$\gcd( x+y, x^2 - xy + y^2) $ is 1 or 3 for coprime $x$, $y$

Question

How does one show that: if $\gcd( x, y) = 1$, then $\gcd( x+y, x^2 - xy + y^2) = 1\,{\rm or }\,3$.

Answer 1

Let $d=(x+y,x^2-xy+y^2)$

$$d \mid x+y \Rightarrow d \mid (x+y)^2$$ $$ d \mid x^2-xy+y^2 \Rightarrow d \mid (x+y)^2-3xy$$

$$d \mid (x+y)^2-((x+y)^2-3xy) \Rightarrow d \mid 3xy (*)$$

Let $(d,x)=m>1$,then it has a prime factor,let $q$.

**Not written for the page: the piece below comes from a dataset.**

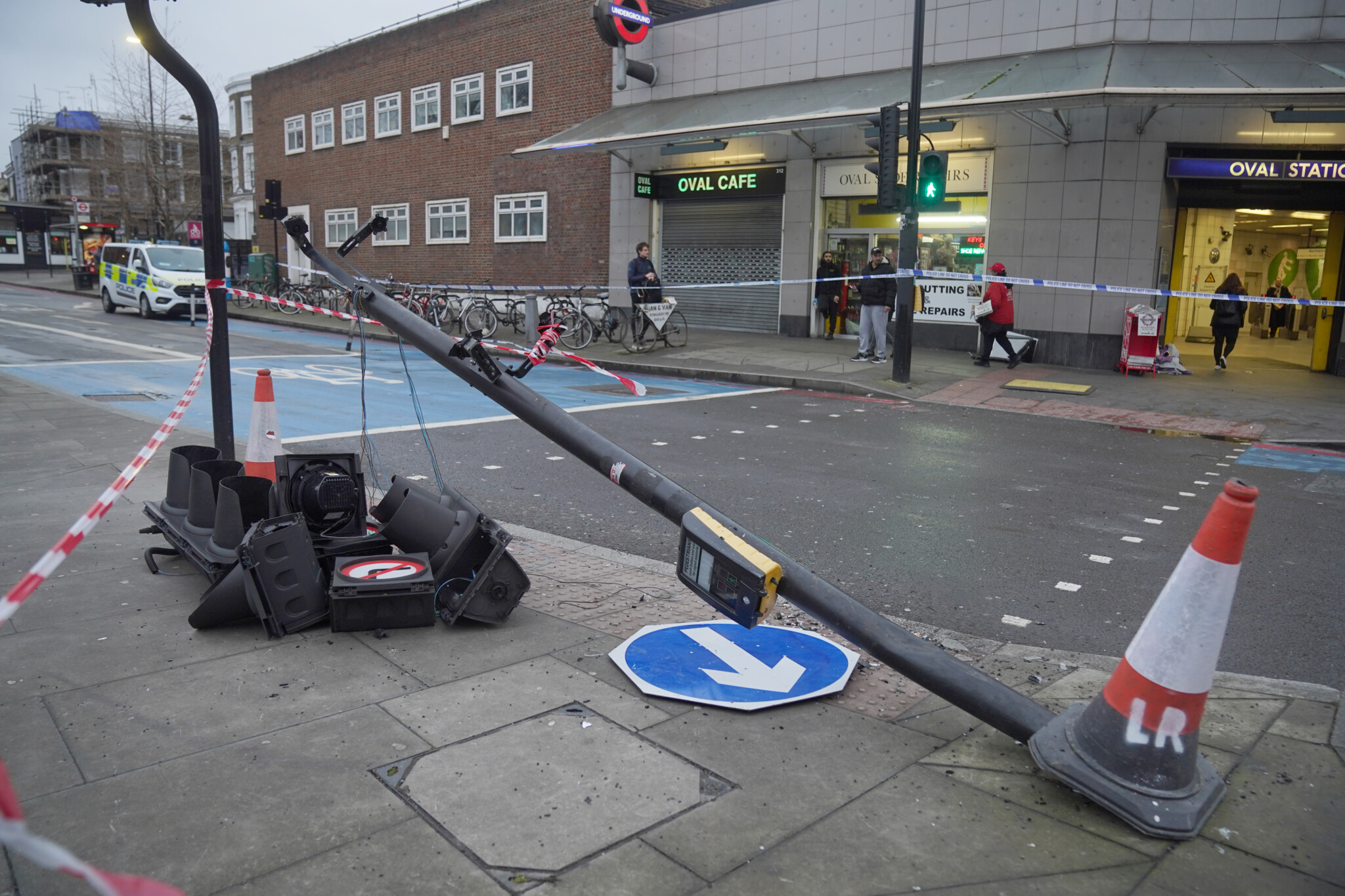 Pictured top: The scene outside Oval Tube station after the collision yesterday (Picture: Lucy North/PA)

$$q \mid x \\ q \mid d,d \mid x+y \Rightarrow q \mid x+y \\ \text{So, } q \mid x+y-x=y \\ \text{As } q \mid x \text{ and } q \mid y \Rightarrow q \mid (x,y)=1 \ \text{ ,that is a contradiction.} \\ \text{So,we conclude that } (d,x)=1$$

Similarly,we show that $(d,y)=1$

$$(*) \xrightarrow[(d,y)=1]{(d,x)=1} d \mid 3$$

Therefore,: $ d=1 \text{ or } d=3$.